Por Marcelo Tavares de Santana [*]
Se soubéssemos como alguns mercados funcionam, pensaríamos duas vezes em consumir seus produtos; algumas vulnerabilidades sem solução, como Man-in-the-middle [1], poderiam inviabilizar todo o comércio digital como conhecemos hoje. Voltando o olhar para nossas redes computacionais domésticas, em 2017 foi divulgado um tipo de ataque que demoraria pelo menos 15 anos para ser resolvido no mundo simplesmente porque a atualização de roteadores domésticos não acontece com a frequência que deveria por falta de conhecimento da sociedade. Roteadores de rede sem fio são pequenos computadores que vêm com um sistema operacional embarcado, o chamado firmware, que é feito para o equipamento. Como qualquer programa de computador, esse sistema pode vir com falhas de segurança que devem ser corrigidas e atualizadas no equipamento. A grande maioria desses roteadores permitem a atualização de firmware pelo usuário, mas ainda temos a dependência das fabricantes disponibilizarem as correções ao público. Ao pensarmos no processo de descobrir a falha, disponibilizar a correção, avisar os usuários (que geralmente não acontece), verificar o firmware correto e atualizar, percebemos que é um processo de muitos anos para que a vulnerabilidade seja superada globalmente.
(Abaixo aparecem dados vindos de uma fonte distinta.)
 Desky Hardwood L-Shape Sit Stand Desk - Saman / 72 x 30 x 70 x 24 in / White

O ataque em questão é o KRACK [2] (Key Reinstallation Attacks) e pode ser usado em qualquer dispositivo sem fio Wi-Fi, ou seja, cinco lâmpadas smart podem significar cinco pontos de falha; mas que só vão ser explorados se entre nossos vizinhos tiver alguém tentando o ataque pois é preciso conseguir usar a mesma rede sem fio, portanto, é preciso uma conjuntura de fatores para o ataque acontecer. Investigando o risco de sofrer um ataque KRACK em minha casa, a primeira descoberta foi a incapacidade de avaliação do roteador Wi-Fi que foi imposto pela operadora de acesso à Internet por fibra ótica, pois na interface de gerenciamento do equipamento não tenho a opção de saber a data do firmware, nem de atualizar e nem de descobrir se ele está corrigido para KRACK. Quando tínhamos conexão ADSL foi possível comprar um equipamento de nossa escolha e deixar o da operadora parado, mas com o serviço que temos agora não achamos alternativas de equipamentos. Temos um outro roteador, escolhido por nós e que pode ser atualizado, e nesse sabemos que o firmware é de 2021 e por isso tem alta probabilidade de estar sem a falha para KRACK, mas não encontramos detalhes para confirmar a correção apesar de ser um avanço saber o ano do programa.
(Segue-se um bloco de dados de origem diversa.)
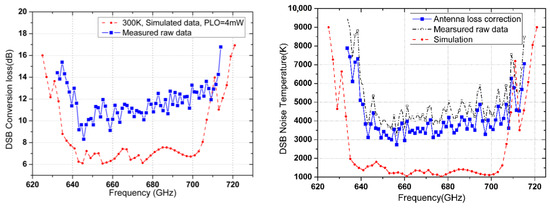 Based on the test results of the 664 GHz harmonic mixer, it was found that the 0.67 THz harmonic mixer has a minimum noise temperature of 3293 K at an RF frequency of 656.4 GHz, and a double-band frequency conversion loss of −11.3 dB. At the same time, the response range of the 0.67 THz mixer is 640 GHz~710 GHz, which is greater than 70 GHz. The double-band noise temperature is between 3200 and 7000 K, and the double-band frequency conversion loss is 10–14 dB.

Uma solução interessante para esse problema, e outros que possam surgir, é investir numa separação de redes onde os dispositivos pessoais ficam numa rede Wi-Fi com equipamentos que podemos controlar, e outros dispositivos com dados menos sensíveis ficam numa rede Wi-Fi do equipamento da operadora. Se no futuro tivermos refrigeradores smart onde colocamos nossos dados de cartão de crédito para que esses equipamentos façam as compras, considerem como dispositivo com dados sensíveis; já uma TV smart que tenha somente contas de serviços de stream considero ser um equipamento com dados pouco sensíveis, mas isso vai do julgamento de cada um. No aspecto de hardware, o melhor seria uma solução de pequeno computador (como o Raspberry Pi) que pudéssemos instalar um sistema operacional livre de nossa escolha, escolher e conectar as antenas Wi-Fi, instalar os serviços que desejarmos de arquivos remotos ou backup, para termos nossa própria nuvem pessoal dentro de nossas casas. Apesar de termos soluções prontas como o Freedombox [3], cuidar desse tipo de solução ainda não está na prática da nossa sociedade, e acertar uma boa configuração de hardware é ainda bastante difícil, fica mais fácil comprar um que seja específico para redes Wi-Fi. Felizmente, temos alternativas sistemas livres para roteadores de mercado que inclusive ampliam as capacidades desses equipamentos simplesmente porque as empresas não colocam todas as funções em seus firmwares, promovendo uma limitação por software desses equipamentos. Existem a problemática de perda da garantia ao utilizar um firmware alternativo, assim talvez seja melhor esperar o período de garantia se esgotar.
Uma das alternativas de firmware livre para roteadores Wi-Fi mais conhecidas é o DD-WRT, que tem uma lista grande de dispositivos suportados [4]. O desafio aqui é encontrar um modelo de roteador que exista na lista e seja vendido no mercado brasileiro, além da decisão de instalar ou não o DD-WRT sob pena de perder a garantia; pode até ser vantajoso comprar um roteador usado mas não tão antigo, ou um modelo de dois anos atrás, para instalar esse firmware livre. Se encontrar um roteador que tenha portas USB que possam ser usadas para armazenamento remoto ou centralização de impressão, melhor ainda, pois assim é possível ter um espaço técnico onde podemos deixar um HD externo para backup automático para toda família e compartilhamento de impressora mesmo que ela não tenha acesso sem fio; existem até mesmo soluções de compartilhamento de multifuncional via rede, onde todos poderiam digitalizar documentos remotamente de qualquer computador, mas isso ainda está um pouco distante de ser fácil, nesse caso ainda é mais prático comprar uma impressora multifuncional com Wi-Fi.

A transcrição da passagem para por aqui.